The Proposed Regulation would also require a Regulated Institution’s senior compliance officer (or functional equivalent) to certify annually to the NYDFS each April 15 that the Regulated Institution is in compliance with the Proposed Regulation (“Annual Certification”). Specifically, the Annual Certification would require the senior compliance officer to certify to the best of their knowledge that “they have reviewed, or caused to be reviewed” the Transaction Monitoring and Filtering Program and that “the Transaction Monitoring and Filtering Program complies with all the requirements of [the Proposed Regulation].”[4] An officer who is deemed to have filed an “incorrect or false Annual Certification” maypersonally be subject to criminal penalties.[5]

Scope of Transaction Monitoring and Filtering Program

Generally, the Proposed Regulation requires that the Transaction Monitoring and Filtering Program reflect the Regulated Institution’s risk assessment and current legal and regulatory requirements; include end-to-end, pre- and post-implementation testing; be subject to on-going analysis to assess whether the program maps to the identified risks; and include easily understandable documentation articulating the program’s detection scenarios and the underlying intent and design of the program.[6] In addition, the Transaction Monitoring and Filtering Program must identify relevant data sources; provide for validation of data integrity, accuracy and quality; develop a vendor selection process (if applicable); be subject to governance and management oversight; and provide for funding and staffing by qualified and trained personnel.[7]

Transaction Monitoring Program for Potential AML Violations.
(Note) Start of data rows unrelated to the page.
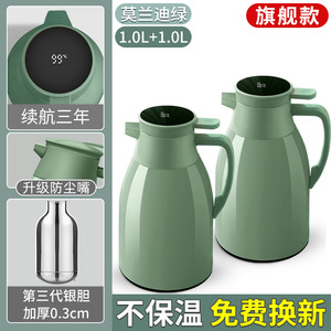 34_(ペアの方がコスト効率が高くなります。色の変更についてはカスタマーサービスにお問い合わせください) フラッグシップモデル [モランディ グリーン] 魔法瓶ケトル 1.0 リットル + 1.0 リットル (厚みのある銀のブラダー + 温度表示と電池寿命 3
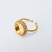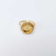 Ring Blank with Clear Crystals, Ring Bezel Setting Cabochon Resin Mounting Shiny Gold Plated Brass Adjustable Ring Base (10mm) G37454
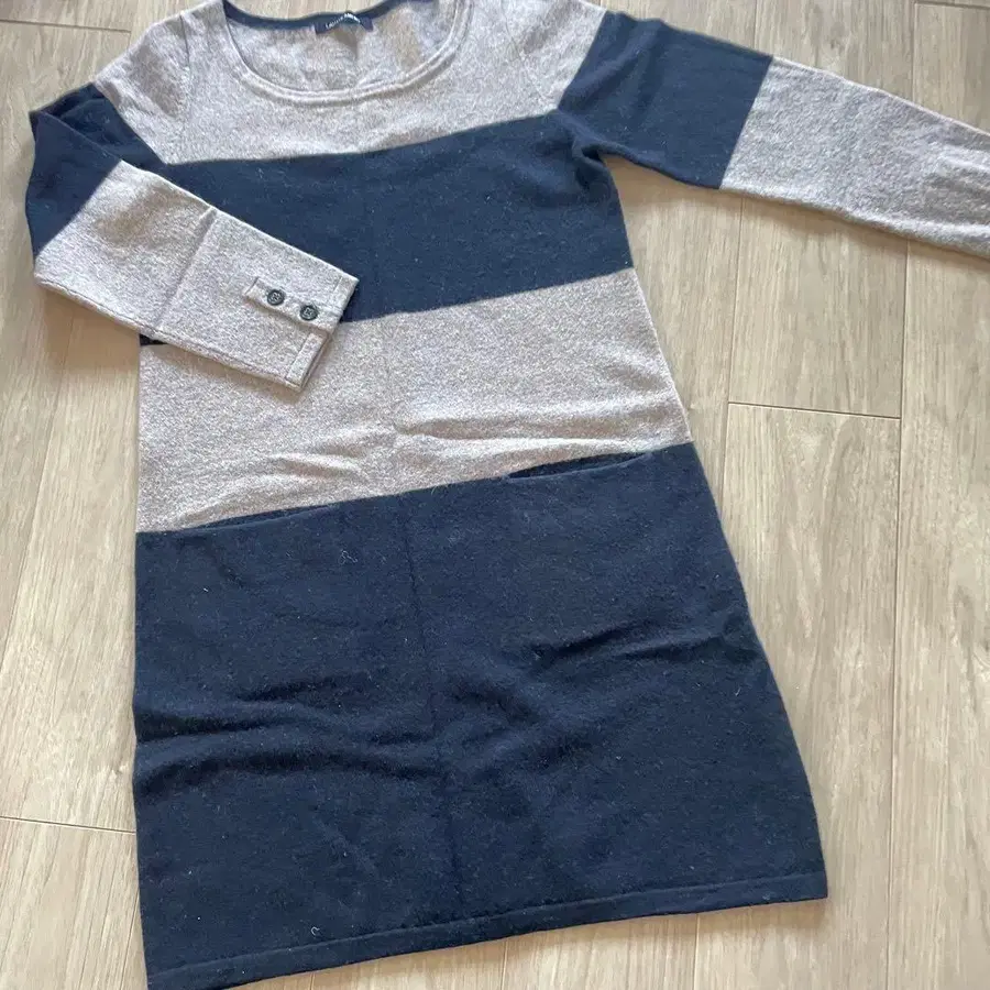 로트레아몽 보더 니트 원피스 긴팔 블랙x베이지
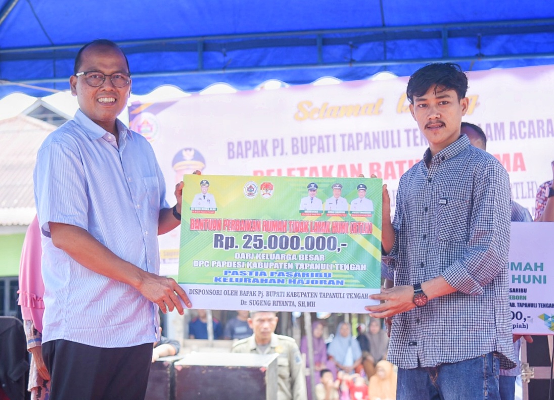 Pj Bupati mengatakan, Kita tadi sama sama sudah melihat peletakan Baru Pertama Pembangunan Rehab Rumah Tidak Layak Huni, yang bersumber dari dana Donasi atau dari pihak Ketiga yang tidak mengikat, dikumpul oleh teman teman PAPDESI Tapteng dan dari Baznas Tapteng, ada 2 bangunan di Kelurahan Hajoran dan 1 di Desa Jago jago Kecamatan Badiri, inilah semangat gotong royong dan menjadi bukti kalau kita niatnya baik, langsung dilaksanakan tidak perlu berlama lama dengan bukti nyata membantu pembangunan RTLH warga kurang mampu, “Semoga bantuan yang kita berikan langsung bermanfaat, kiranya kedepan taraf hidupnya akan meningkat bisa keluar dari zona kemiskinan ekstrim.”
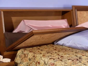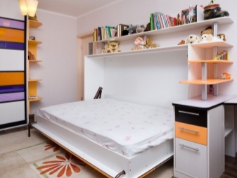 - مستلق عموديًا من خزانة الملابس. يمكن أن تحتوي مجموعات الأثاث هذه على سريرين وطاولات وأرفف مدمجة بجانب السرير..

For the purpose of monitoring transactions for potential violations of AML laws and regulations, as well as suspicious activity reporting, the Transaction Monitoring Program must reflect “any relevant information available from the institution’s related programs and initiatives, such as ‘know your customer due diligence,’ ‘enhanced customer due diligence’ or other relevant areas, such as security, investigations and fraud prevention” and “include investigative protocols detailing how alerts generated by the [program] will be investigated, the process for deciding which alerts will result in a filing or other action, who is responsible for making such a decision, and how investigative and decision-making process will be documented.”[8]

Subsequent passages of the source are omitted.